The answer should contain only the lines from the beginning of the entries through the line that holds "Luxury long dress", given again exactly, with no pictures.

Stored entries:
..........

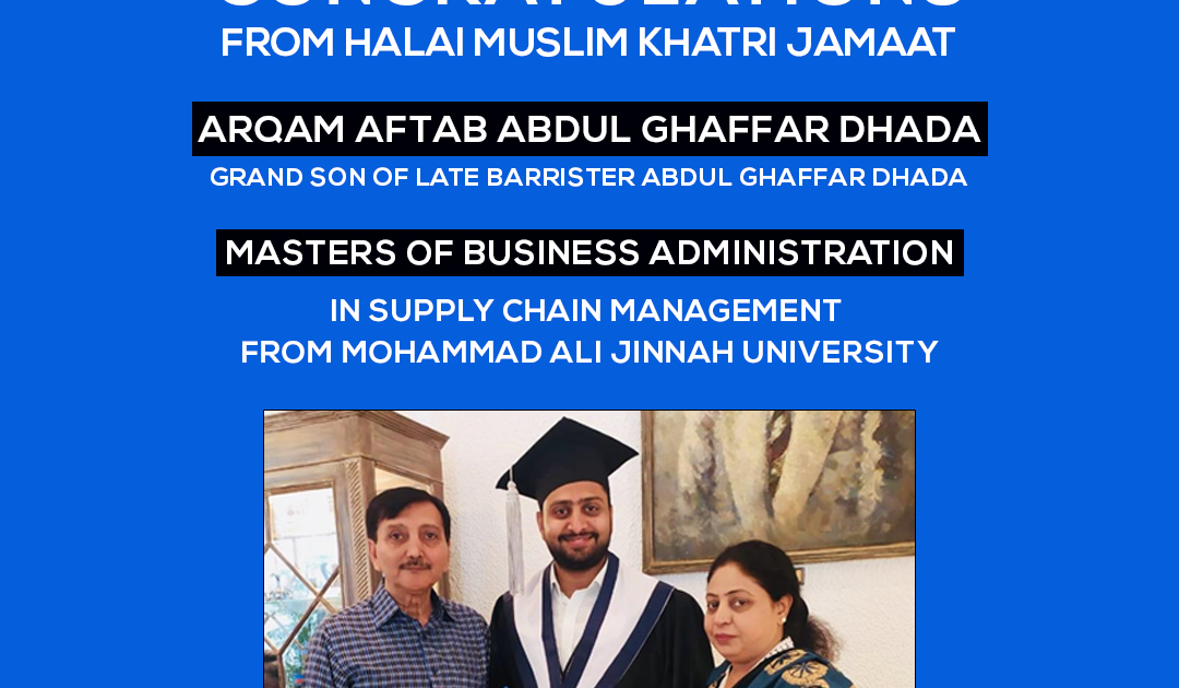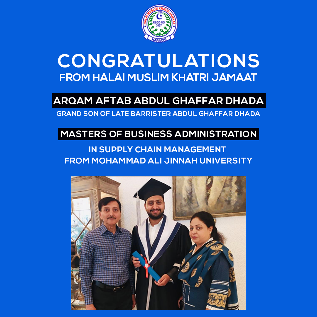 Halai Muslim Khatri Jamaat Karachi > Appreciations > Congratulations to Arqam Aftab Abdul Ghaffar Dhada
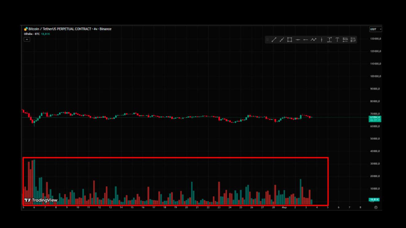 Рис. 2: Индикатор объема на 4-х часовом графике BTC.
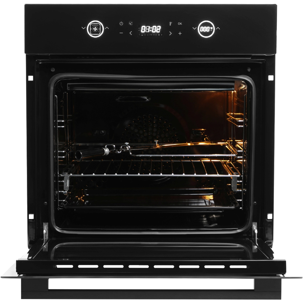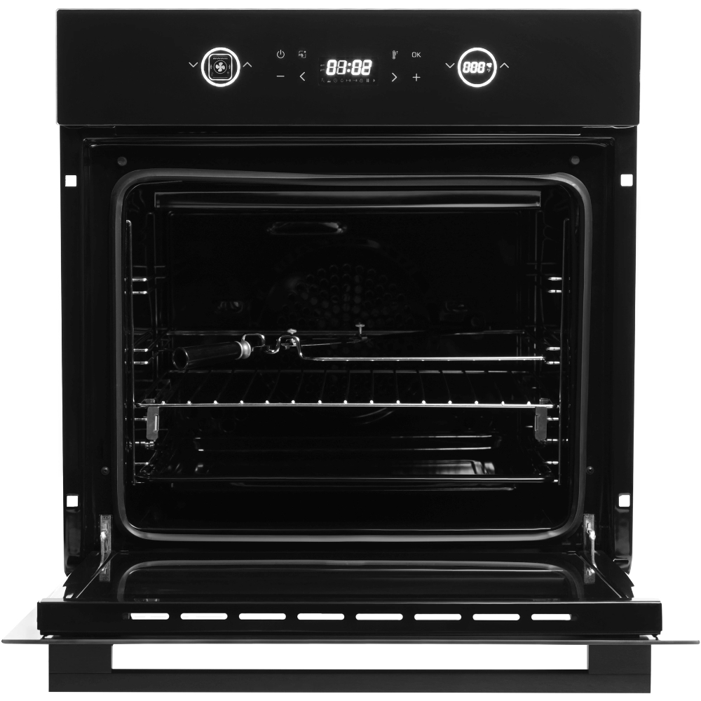 Цвет - черный; - ; - ; Тип питания - электрический; Объем духовки - 68 л; Максимальная температура - 270 °С; Количество стёкол в дверце - 3; Очистка духовки - традиционная; Телескопические направляющие - есть; Класс энергоэффективности - A; Количество режимов работы - 12; Конвекция - есть; Гриль - есть; Вертел - есть; Вентилятор охлаждения - есть; Освещение духовки - есть; Таймер - есть; Открыва
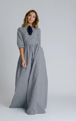 Luxury long dress with three-quarter sleeves and a classic pussybow collar. Perfect for Dinner Dance and formal nights out or family celebrations.
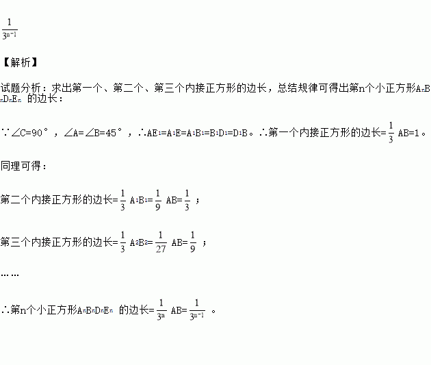 如图,△ABC是斜边AB的长为3的等腰直角三角形,在△ABC内作第1个内接正方形A1B1D1E1(D1、E1在AB上,A1、B1分别在AC、BC上),再在△A1B1C内接同样的方法作第2个内接正方形A2B2D2E2,…如此下去,操作n次,则第n个小正方形AnBnDnEn 的边长是 .
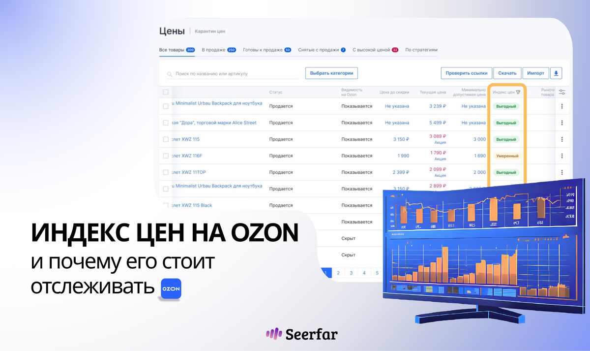 Индекс цен - показатель, рассчитываемый маркетплейсом как рекомендация для корректировки цен и поддержания их на рыночном уровне. Показатель рассчитывается с учетом ваших цен на товары, в том числе на других маркетплейсах, цен конкурентов, региона доступности товара, рейтинга и отзывов. В зависимости от расчетного показателя, товарам присваиваются следующие индексы: Вы можете найти Индекс цен для ваших товаров в личном кабинете продавца во вкладке Цены и акции -> Цены на товары. В таблице с параметрами будут отображаться как итоговый индекс для каждого товара, так и основания для его расчета, включая цены ваших конкурентов на Ozon и на других площадках, а также ваши цены на других площадках. 》》Несколько дней назад появилась возможность самостоятельно предлагать товары конкурентов на Ozon для сравнения стоимости с вашими товарами и расчета индекса цен. Это можно сделать в том же разделе в личном кабинете Цены и акции -> Цены на товары или блоке Индекс цен во вкладке Главная. Если ссыло
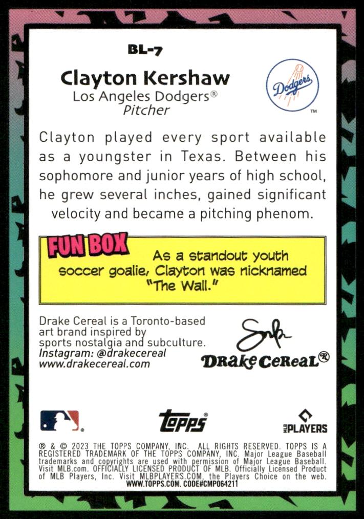 This BaseballΒ card, from 2023 is part of the Topps Big LeagueΒ card set. Clayton Kershaw is featured and has a card number of BL-7.
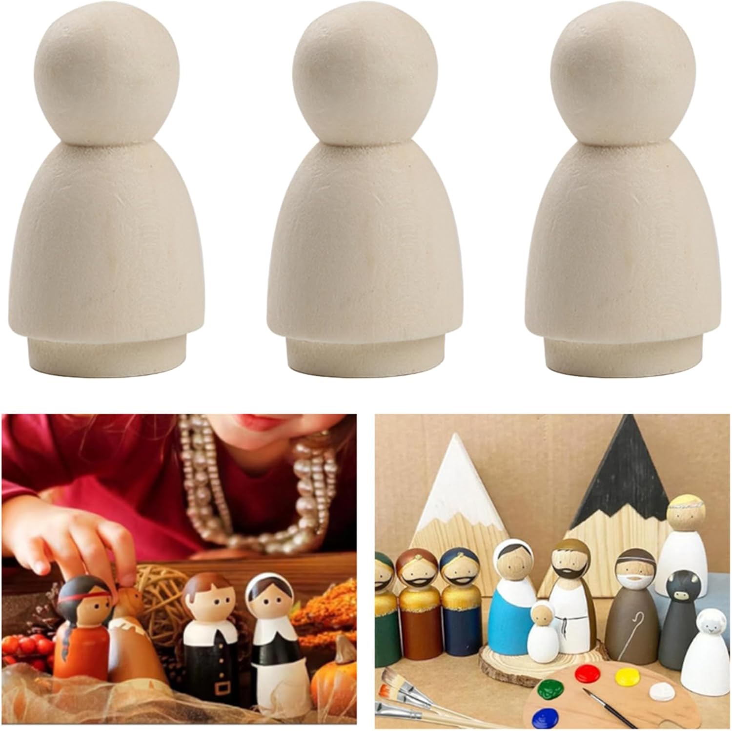 Applicazioni versatili: ideale per case di bambole, figure da gioco, decorazioni per le vacanze o decorazioni domestiche, queste persone in legno possono essere trasformate in personaggi, ornamenti o pezzi decorativi personalizzati. Pacchetto di valori di 100: questo set include 100 bambole PEG non finite, che ti danno un sacco di materiale per attività di classe, progetti fai -da -te, artigianato per feste o bisogni creativi per le piccole imprese. Legno stabile: accuratamente realizzati in legno naturale selezionato, queste bambole PEG presentano una superficie liscia, motivi di grano e una consistenza uniforme, garantendo sia la durata che il fascino estetico. Sicuro e facile da usare: con bordi finemente levigati e una finitura senza schegge, le bambole PEG sono sicure da gestire..Il loro design leggero li rende facili da dipingere, incorsi o personalizzare per bambini e adulti. Divertimento creativo fai -da -te: ogni bambola vuota misura 3/4 x 2 pollici, la dimensione perfetta per pittura, tintura, colorazione o decorazione..Offrono infinite opportunità creative per progetti artistici e appassionati di artigianato.

..........

**Output of the exercise:**
 Halai Muslim Khatri Jamaat Karachi > Appreciations > Congratulations to Arqam Aftab Abdul Ghaffar Dhada
 Рис. 2: Индикатор объема на 4-х часовом графике BTC.
 Цвет - черный; - ; - ; Тип питания - электрический; Объем духовки - 68 л; Максимальная температура - 270 °С; Количество стёкол в дверце - 3; Очистка духовки - традиционная; Телескопические направляющие - есть; Класс энергоэффективности - A; Количество режимов работы - 12; Конвекция - есть; Гриль - есть; Вертел - есть; Вентилятор охлаждения - есть; Освещение духовки - есть; Таймер - есть; Открыва
 Luxury long dress with three-quarter sleeves and a classic pussybow collar. Perfect for Dinner Dance and formal nights out or family celebrations.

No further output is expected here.